President Reagan says that he may ask Congress to make the tax cut scheduled for next July effective six months earlier. With admirable respect for the lessons of recent history, he makes no claim of a miraculous "supply-side response" to this injection of an extra $15 billion into the income stream. All that he is hoping is that the extra money in taxpayers' pockets will send them out to buy cars and clothes and other consumer goods now languishing in producers' inventories, and thus prime the pump of recovery.

There are many compelling reasons for hesitancy about adding another $15 billion to the already astronomical deficits that current administration policies will produce over the next years. But let's assume, for the sake of argument, that the current economic crisis is so severe that some additional risk is warranted. If you want to put another $15 billion into consumption, why choose a step-up of the tax cut as the mechanism?

The best arguments for it are that it is quick and easy and does not represent a permanent increase in the level of federal spending. But also note that the planned tax cut has the following peculiarity. Since it is an across-the-board reduction in tax rates -- except at the very top -- it is worth most in dollar terms to those who need it least. A taxpayer wealthy enough to owe $5,000 in taxes will get much more from the tax cut than one who owes only $500. A person who is unemployed and owes no taxes at all will get nothing.

Times are tough, and federal money is very scarce. Can we really feel comfortable helping the rich buy more things? What I am making, of course, is a distributional argument. Its premise is that if you want to maximize the well-being produced -- the moral return, you might call it -- from a given handout of federal money, you will reap much more by directing it to people to whom a small additional amount of income will mean a great deal in terms of their basic standard of living.

This type of argument is currently unfashionable. It also has its limits. If you pay attention only to the question of how the economic pie is distributed, you may find that the pie is shrinking. That's because the people who make the pie grow and who tend to be rich will get fed up if you keep taking their money away from them to give to their less-favored fellow citizens.

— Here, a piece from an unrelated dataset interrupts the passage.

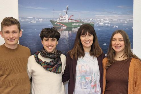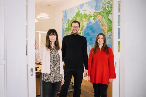 Greenpeace-Team in Berlin: Leiter Georg Kössler (Mitte) mit Mitarbeitenden Kamila Sittek und Elena Keil

Recent policy, however, has tended, unarguably, in the opposite direction. Several well-documented studies have demonstrated that the effect of the recent tax and budget cuts has been to make a substantial shift in national income toward the upper end of the income distribution. These policies have also produced an economic situation in which many well-off people are even better off -- and the average worker with a job is holding his own -- but large numbers of people are very much worse off. The Neiman Marcus Christmas catalog is glossier than ever, but the families of the unemployed are living in tents outside the cities of the Sunbelt.

Less than half of the 11.6 million unemployed workers were receiving unemployment insurance last month. This month thousands more will lose their benefits as the temporary extension of benefits voted by Congress runs out. And then there are the working poor. They've lost welfare and other aid, and the administration now reportedly plans to further adjust school lunch fees so that their children may "bear a fair share of inflation." Many of these families are now desperate. The Wall Street Journal, for example, recently told of a mother who earns only $230 a month and, having lost her welfare aid, now resorts to shoplifting food because she has to sell her food stamps to pay the rent.

Some of these families, however, are still better off than families that are totally dependent on welfare. Welfare benefits generally have never reached even the subsistence level defined by the poverty line and, since 1975, the gap has increased because very few states adjust benefits for inflation. Food stamp cost-of-living adjustments helped make up welfare losses, but these adjustments were eliminated for 21 months starting in January 1981.

If you wanted to spend $15 billion-- or even a small part of it -- to stimulate these people's consumption, there are several quick ways to do it. One would be to increase federal aid to welfare families. Another would be to increase the earned income tax credit that provides help through the tax system to working poor families with children -- it's been frozen at the same modest level for several years.

Another federally paid-for extension of unemployment insurance benefits is an obvious alternative. Better yet, you could convert the money to wages and pay it to unemployed people to do useful public work--not the heavy construction type projects that take years to build up and require high-paid union labor, but the many kinds of community services that are now being cut back by hard- pressed states and localities. Because some people getting unemployment benefits wouldn't want the jobs, the others could be paid more with the same amount of money.

You will note, of course, that none of these things -- with the possible exception of extending unemployment benefits -- is likely to be done. That's because they do not appeal to any powerful constituency. What is most discouraging about the current political scene is that they don't even get talked about.